Linked by David Adams on Tue 5th Aug 2008 21:20 UTC, submitted by JCooper
Microsoft Microsoft . . . complained in its annual report that it was facing increasing pressure from open source companies. It claims they are stealing its ideas and benefiting from its intellectual property. "A number of commercial firms compete with us using an open source business model by modifying and then distributing open source software to end users at nominal cost and earning revenue on complementary services and products." Also see analysis at Microsoft Watch.
Permalink for comment 325806
To read all comments associated with this story, please click here.
google_ninja
Member since:
2006-02-05

The trends in commercial software are moving more and more to user driven development, and not compromising on quality. Where I work we have a 1 month release cycle, where every month we ask our users (we call them product owners internally to try and keep from falling into holier then thou programmer attitudes) what the features they need the most are, and let that drive the features of the release. We have two testers to every developer, and these are trained people who give very good bug reports and methodically test the software, not just random people on the interweb. We aim for 3 lines of test code to every 1 line of production code, and most of the team practices test driven development. Every code check in needs to be reviewed by another programmer before it goes to the testers, and our build server automatically runs through integration tests on every check in to the source tree. And every iteration has time set aside for regression testing, deployment testing, and performance testing to be absolutely sure we ship quality.

Now, we are ahead of the curve on this, and Scrum is one of the more hardcore of the Agile processes, but this is direction the industry is moving in. The software industry has traditionally had an abysmal standard of quality, and has been driven by cowboy coders who dont give a crap about the people they are actually writing the code for. In anything even resembling what would be considered a modern process, we are now taking a more holistic approach, and learning how to stop wasting everybodies time and money building things that are un tested and features that are misunderstood, or just plain un needed.

By contrast, open source embraces that mentality. Unit testing is rarely, if ever used. The commercial software world is bringing the developer and the user closer together, while the open source world pushes them further apart. Users are something to be taken care of by downstream, and heaven forbid if any of them try to break that barrier and ask a developer directly for help, which they only do in desperation when a distro doesn't have a good working relationship with upstream. What I would consider good developers (i.e. people who care about the big picture) either do not stick around long (like con kolivas) or become completely disillusioned and just stop doing anything that effects the end user anymore (havoc, miguel)

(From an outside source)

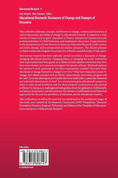 Educational research has been typically carried out within a discourse of change: changing educational practice, changing policy, or changing the world. Sometimes these expectations have been grand, as in claims of emancipation; sometimes they have been more modest, as in research as a support for specific reforms. This book explores the answers to such questions as: Are these expectations justified? How have these discourses of change themselves changed over time? What have researchers meant by change, and related concepts such as reform, improvement, innovation, progress and the new? Does this teleological and hopeful discourse itself reflect a particular historical and national/cultural point of view? Is it over promising for educational research to claim to solve social problems, and are these properly understood as educational problems? In doing so, it challenges prevailing ideas about the application of philosophy and history of education, and demonstrates the relevance of philosophical and historical approaches for the practice and theory of education and for educational research.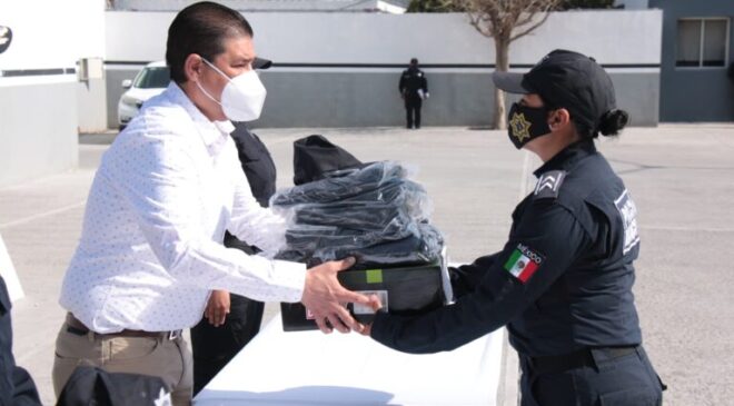 Buscando una mayor profesionalización en el tema de seguridad a la población, autoridades de Juárez realizaron un recorrido de supervisión por diversas áreas de la Secretaría de Seguridad Pública Municipal, donde además se entregaron nuevos uniformes a más de 400 elementos policiacos.

Sorry for the huge rant, but that comment is exactly the reason that I post the things that I do in places like this. There is this massive misconception that open source is inherently better for the users, and it really isn't, except in a very abstract way that has little to no real value. You say that open source is like punk rock and commercial software is like top 40, fine. I say open source is like communism, fantastic ideas, very idealistic, inherently flawed in its inability to deliver meaningful innovation or an acceptable level of quality without doing so on the back of a more practical system.

And seriously dude, apple is punk rock. They are hip, revolutionary, and mean to the bone ;-)

And just so you know, this is coming from someone who has used linux for about 6 years now on and off (currently on, I am running hardy), has participated in a great deal of open source projects, and doesn't any more due to a serious disillusionment with the whole system.